JTT-130  Being developed by Akros Pharma, a subsidiary of Japan Tobacco.  JTT-705 is an intestine-specific MTP inhibitor.  This drug is being developed to reduce the production of chylomicrons, particles that carry dietary fat into blood.  This drug is being developed to reduce chylomicron, VLDL and LDL levels.  A study testing the safety and effectiveness in patients wth diabetes was completed in July 2010.

JTT-302 Being developed by Akros Pharma, a subsidiary of Japan Tobacco. JTT-302 is a cholesteryl ester transfer protein inhibitor that is being developed as a treatment for dyslipidemia. 

LY2484595  Being developed by Eli Lilly and Co.  LY2484595  is a cholesteryl ester transfer protein inhibitor that is being developed as a treatment for dyslipidemia. There is an ongoing study that is looking at the effectiveness of the drug in patients that are currently being treated with statins.  The study is expected to be completed in May 2011.

MBX-8025  Being developed by Metabolex.  MBX-8025 (formerly RWJ-800025) is a PPAR delta activator.  It is being developed as a treatment to reduce LDL choelsterol levels and to increase HDL cholesterol levels.  The drug has been reported to be safe when used alone and in combination with atorvastatin.  Treatment resulted in triglyceride and LDL lowering and an increase in HDL.  It was also reported that the drug was effective in reducing insulin and blood glucose.  There has been no news on this compound since 2008 so its development status is unclear.

Rilapladib Being developed by GlaxoSmithKline.  Rilapladib is an inhibitor of lipoprotein-associated phospholipase A2 (LP-PLA2 inhibitor) which is being developed as a treatment to reduce the formation of pro-atherogenic LDL.  It has also been tested for its effects on platelet aggregation.  A study testing the effect of the drug on the stability of atherosclerotic plaque has been completed although the results have not been announced.

RVX-208 (RVX000222) Being developed by Resverlogix.  The exact structure of RVX-208 has not been disclosed although it is described as being a member of the quinazoline family.  A 13 week phase II study, ASSERT, did not meet the primary and secondary endopoints of increasing apoA-I and HDL.  There was also a significant increase in liver enzymes and a trend towards an increase in creatinine which is used to monitor kidney function.  As a result, a second study ASSURE will proceed in Q1 of 2011 after having its enrollment procedure reassessed.  The primary endoing of the ASSURE study is regression of atherosclerotic plaque volume with secondary endpoints being change in apoA-I, HDL and HDL subclass.  An exploratory endpoint is the change in plaque composition which has been associated with a beneficial change in plaque stability in other studies.  The ASSURE study currently has 43 sites confirmed although Investigational Review Board approval, which is required for the study to begin, has not been obtained as of November 2010. 

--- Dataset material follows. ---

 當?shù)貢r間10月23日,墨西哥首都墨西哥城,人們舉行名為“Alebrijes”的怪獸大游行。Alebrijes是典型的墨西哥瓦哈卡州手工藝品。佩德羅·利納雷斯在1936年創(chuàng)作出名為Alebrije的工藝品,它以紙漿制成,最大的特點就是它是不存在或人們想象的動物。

SLx4090  Being developed by Surface Logix.  SLx4090 is an intestinal-specific MTP inhibitor.  This drug is being developed to reduce the production of chylomicrons, particles that carry dietary fat into blood.  This drug is being developed to reduce chylomicron, VLDL and LDL levels.  All clinical trials with this compound are listed as being completed as of December 2009 although no results have been announced.

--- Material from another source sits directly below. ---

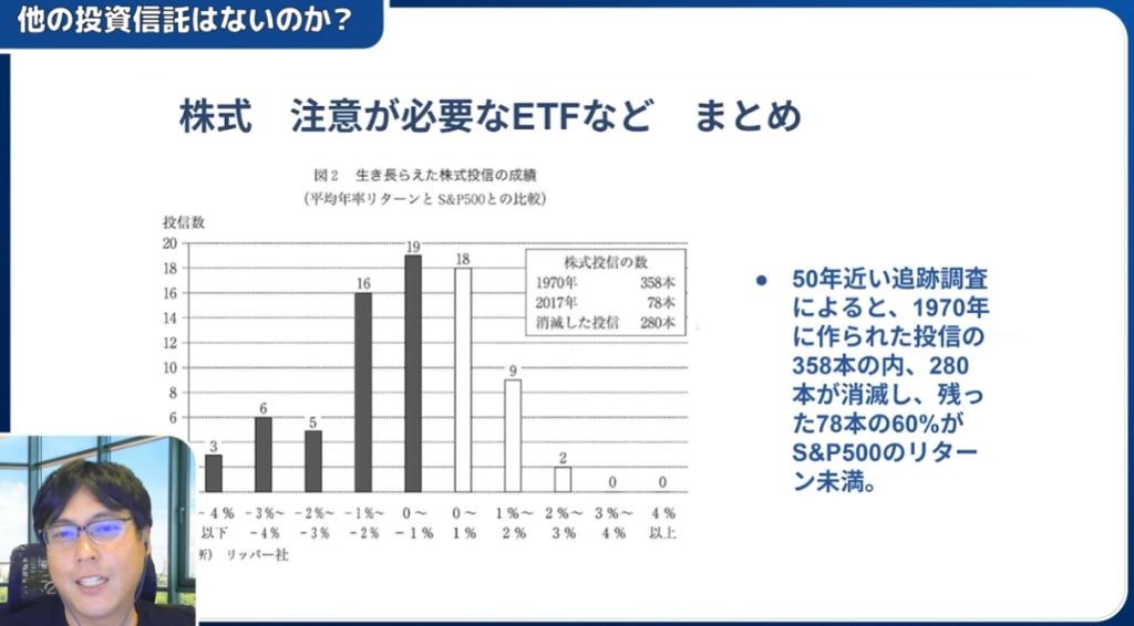 - 仮に生き残っても、半分以上はS&P500に負ける現実

TRIA-662 Being developed by Cortria.  TRIA-662 is a niacin derivative that is reported to be "flush-free" meaning that the drug does not cause the subcutaneous flshing that is associated with niacin or extended release niacin use.  The drug is being developed as a treatment of dyslipidemia (high triglcyeride levels, high LDL cholesterol levels, low HDL cholesterol levels.  A study testing the effectiveness of the drug on lowering plasma triglyceride levels is listed as completed as of March 2010 but no results have been announced.

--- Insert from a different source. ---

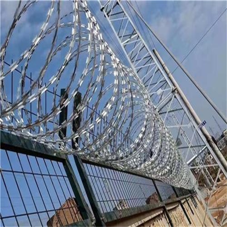 針對(duì)刺絲滾籠和雙股刺繩對(duì)于上鋅量是明顯的要求了,此外包括一些安裝長(zhǎng)度和直徑等等方面要求也是比較多的。張開后形成蛇腹網(wǎng)狀,閉合后刀片刺繩圈徑為50cm,張開后每交叉圈安裝間距20cm,直徑不小于45cm,刀刺寬度22mm,兩刃垂直間距15cm,刀刺縱向間距34mm,芯絲直徑為2.5mm,刀片采用厚度0.5mm的Q195鋼板沖切制作,芯絲由HPB300直徑6.5mm高線鋼絲冷拔加工。這樣名列出嚴(yán)格的技術(shù)要求也是為了保障安全和使用壽命。這里面我們要指出的一點(diǎn)就是小型的支架是為加密而設(shè)計(jì)的,而大點(diǎn)的刺繩支架是在階梯交接的地方進(jìn)行安裝和固定的。安裝工序是肯定是先固定支架了,一般都有專門的u型螺栓抱咂在水泥制的圍欄上面只需要固定結(jié)實(shí)即可,重點(diǎn)是先放置刺絲滾籠并不打開,然后將雙股刺繩穿過去并固定結(jié)實(shí)后再進(jìn)行刺絲滾籠的架設(shè)。這個(gè)步驟可不要操作反了不然是無(wú)法安裝的。

Phase II – If a drug is found to be safe in phase I studies it can, following approval of the FDA, move to phase II.  Phase II studies involve treatment of patients with the disease or condition that the drug is intended for.  Phase II studies usually involve more patients (about 100) than phase I studies and last for a longer duration at 1-2 months.  The objective of phase II is to demonstrate both safety and clinical benefit.